I'd want some beefier midbasses.


----------



## minbari (Mar 3, 2011)

benny said:


> I'd want some beefier midbasses.


agreed, 5.25" isnt gonna cut it.


----------



## thehatedguy (May 4, 2007)

I would want larger midbasses for sure.

That would be a bad idea to run the horns like that since you have no gain control on the horns.


----------



## minbari (Mar 3, 2011)

thehatedguy said:


> I would want larger midbasses for sure.
> 
> That would be a bad idea to run the horns like that since you have no gain control on the horns.


ya, but since he has gains on the midbass and subs, and the horns will have the least amount of power, I bet he can get it adjusted.


----------



## thehatedguy (May 4, 2007)

I wouldn't do it. You would never get the gain structure right.


----------



## Patriot_tech (Apr 28, 2008)

The gain on the horns is something I had not considered. Good point.

The reason I'm going with those mids is they fit the factory spot in the doors. It's an '87 -29K mile car that I won't be cutting up. I figured I'd try it and see. The only other option is kicks and I really don't want to do that either.

I'll start looking for a small amp with a crossover around 1-1.2k. Any recommendations?


----------



## left channel (Jul 9, 2008)

Patriot_tech said:


> The gain on the horns is something I had not considered. Good point.
> 
> The reason I'm going with those mids is they fit the factory spot in the doors. It's an '87 -29K mile car that I won't be cutting up. I figured I'd try it and see. The only other option is kicks and I really don't want to do that either.
> 
> I'll start looking for a small amp with a crossover around 1-1.2k. Any recommendations?
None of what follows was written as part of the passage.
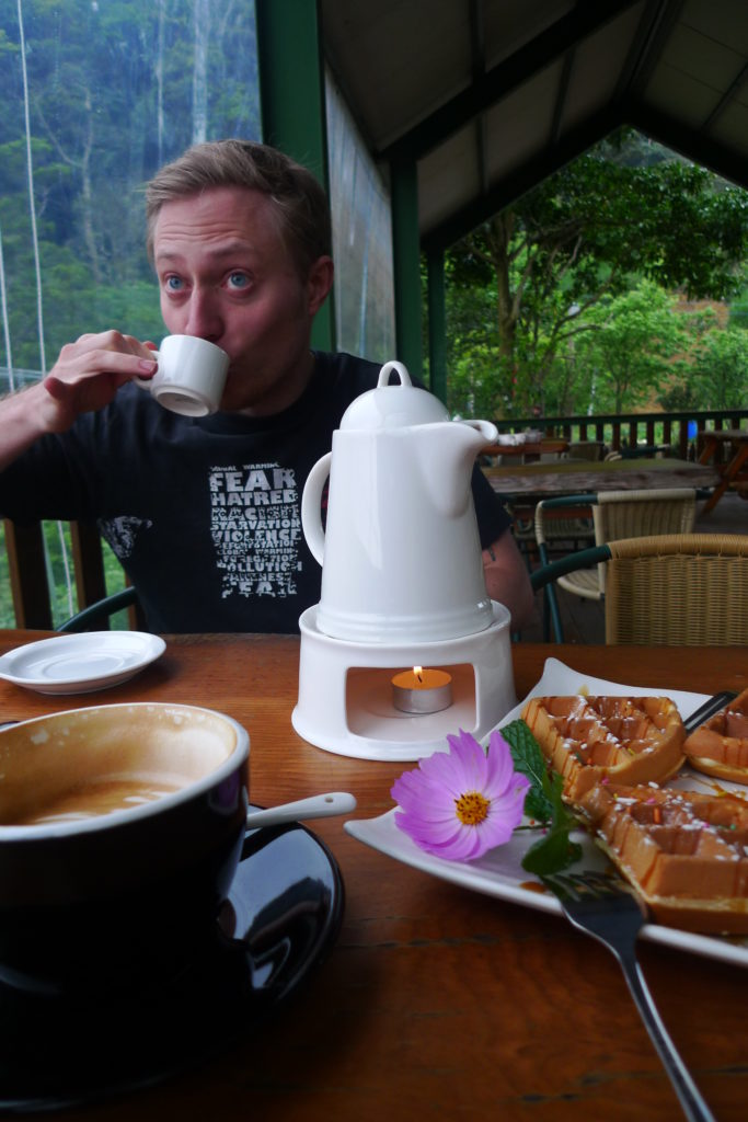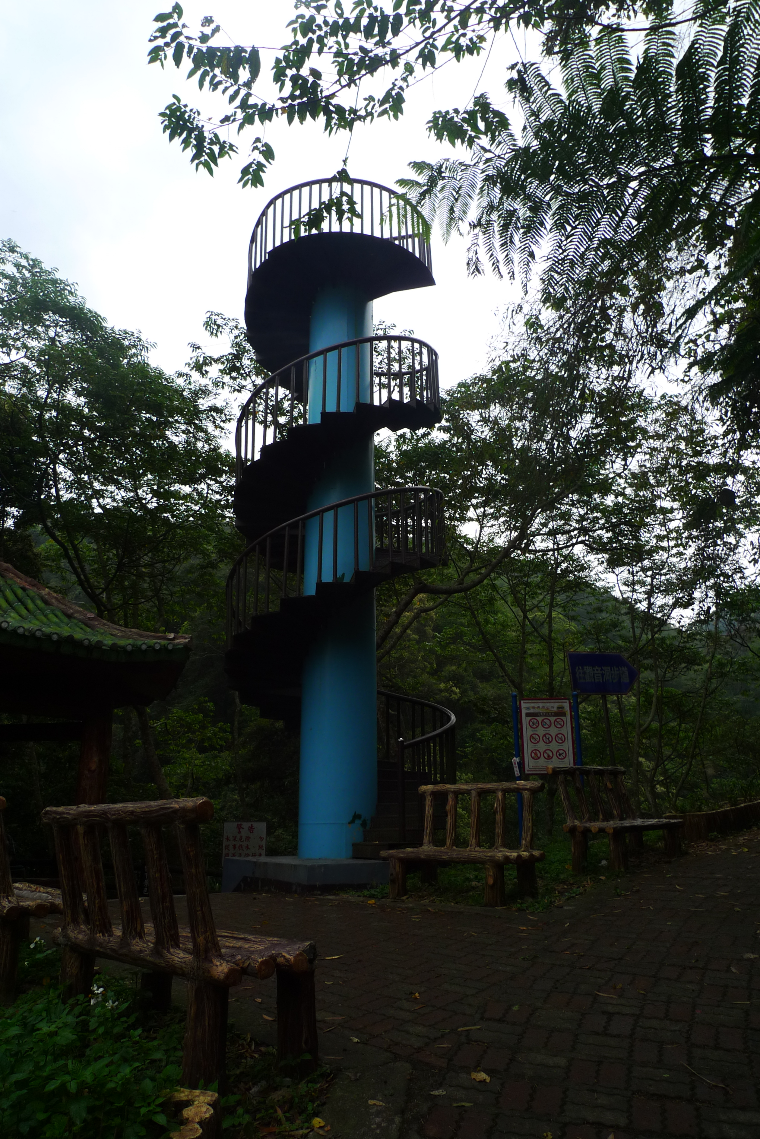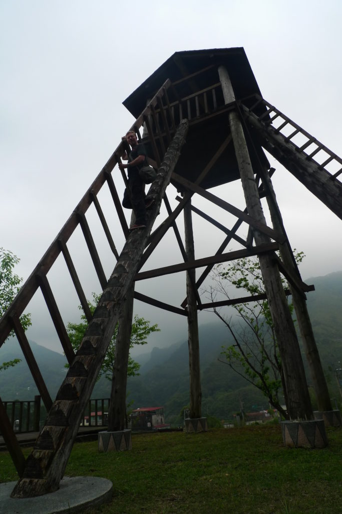 We kept on riding for a fair amount of time along mountain roads that were surprisingly well paved and wide. After a few minor stops and leg stretchers, we came to a tower that Yini has been to earlier. There were two ways up the tower, one normal set of stairs and on narrow, steep ladder carved from a single log, with a not-so-sturdy handrail on one side. I opted for the narrow ladder, then gave up about half way up as the hand rail became even less reliable.

I have fit a 6.5" in a 5.25" spot with just an MDF Baffle in many cars with no permanent mods. I would do some more research to see if you can make it work. A 5.25" is just not gonna give you enough output.


----------



## rawdawg (Apr 27, 2007)

5.25" would be okay if he had 6 of them.


----------



## TheScottishBear (Feb 3, 2011)

I have 10" midbass on 240 watts in each door and I want more. I have issues though. A question: I know the horns are uber efficient; but wouldn't you see a loss of dynamics with such low wattage?


----------



## benny (Apr 7, 2008)

not with a 110dB/W/m sensitivity. You might be surprised with how much average p0wer most people AREN'T using from their amps.


----------



## minbari (Mar 3, 2011)

TheScottishBear said:


> I have 10" midbass on 240 watts in each door and I want more. I have issues though. A question: I know the horns are uber efficient; but wouldn't you see a loss of dynamics with such low wattage?


just the opposite! since they are soo sensitive peaks in music are very dynamic and take almost no power to do it. I was blown away the first time I heard them. I have always done traditional mid/tweeter setups, with horns for dynamics, nothing compares.


----------